Exercise:
Please give the lines below again exactly as they stand, from the one that contains "Five-fold molar excess" up to and including the one that contains "защитное отключение конфорок, индикатор", leaving all pictures out.

Source data:
-- Opening Marker --
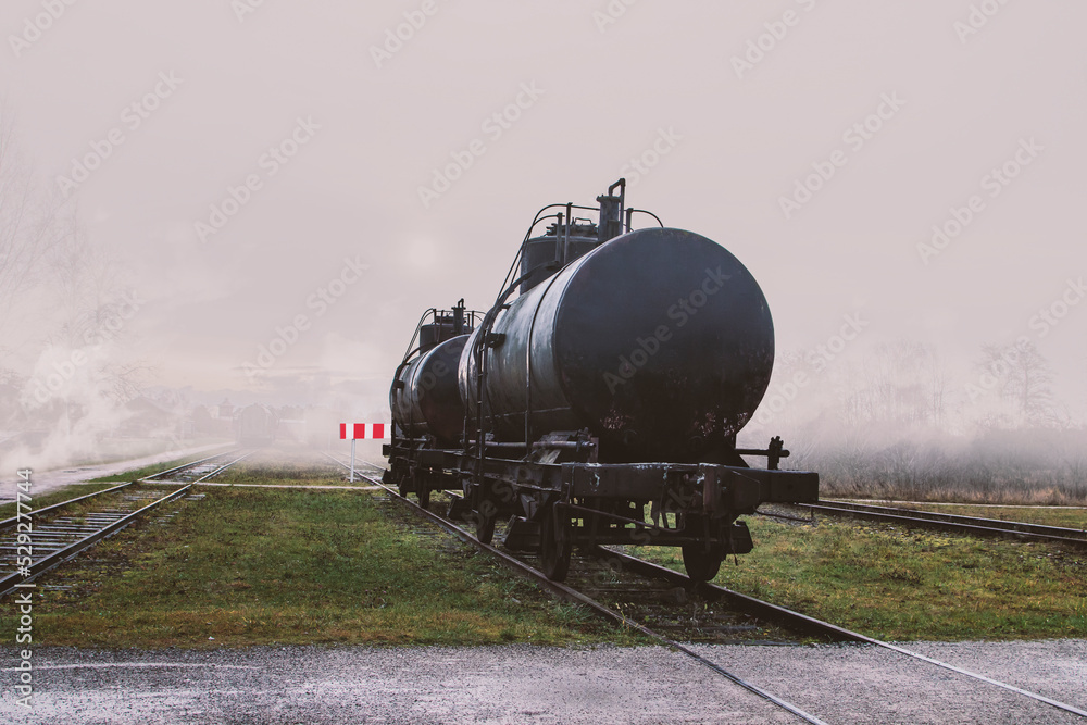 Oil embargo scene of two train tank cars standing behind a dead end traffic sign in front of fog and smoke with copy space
-- Closing Marker --
-- Opening Marker --
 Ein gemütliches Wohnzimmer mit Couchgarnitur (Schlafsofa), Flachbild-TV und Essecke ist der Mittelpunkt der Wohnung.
-- Closing Marker --
-- Opening Marker --
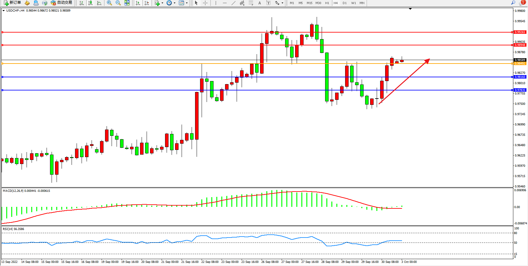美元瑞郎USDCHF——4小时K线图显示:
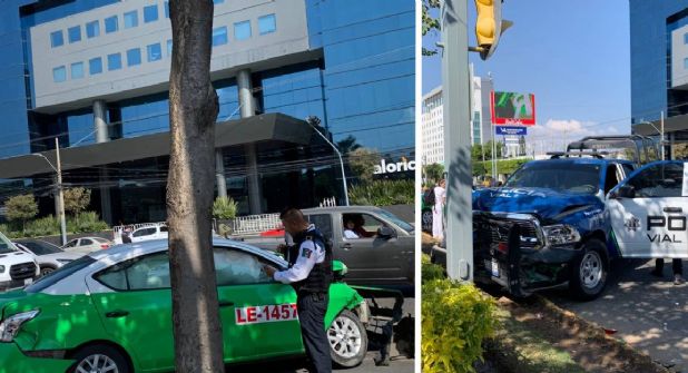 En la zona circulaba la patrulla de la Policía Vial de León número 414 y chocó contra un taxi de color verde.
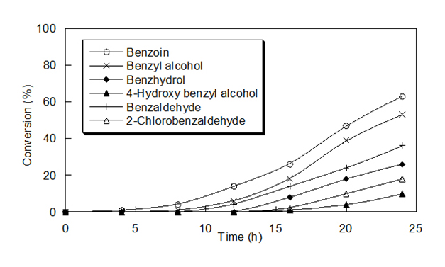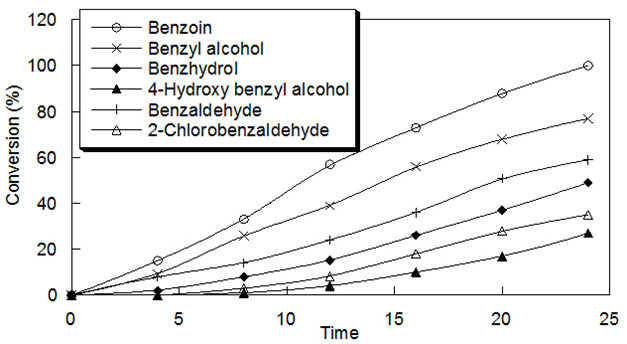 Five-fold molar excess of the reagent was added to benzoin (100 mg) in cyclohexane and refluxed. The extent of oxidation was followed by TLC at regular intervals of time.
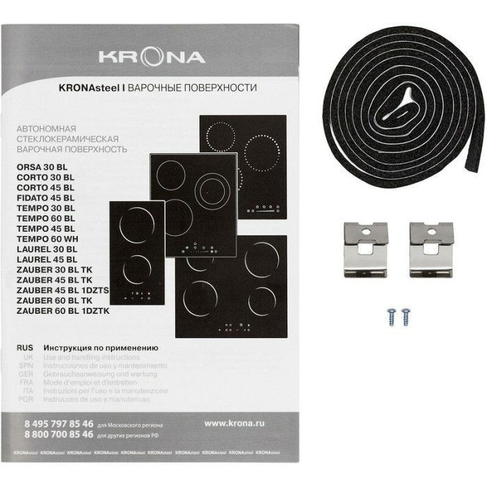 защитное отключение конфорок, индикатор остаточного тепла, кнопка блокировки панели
-- Closing Marker --
Answer to the exercise:
 Five-fold molar excess of the reagent was added to benzoin (100 mg) in cyclohexane and refluxed. The extent of oxidation was followed by TLC at regular intervals of time.
 защитное отключение конфорок, индикатор остаточного тепла, кнопка блокировки панели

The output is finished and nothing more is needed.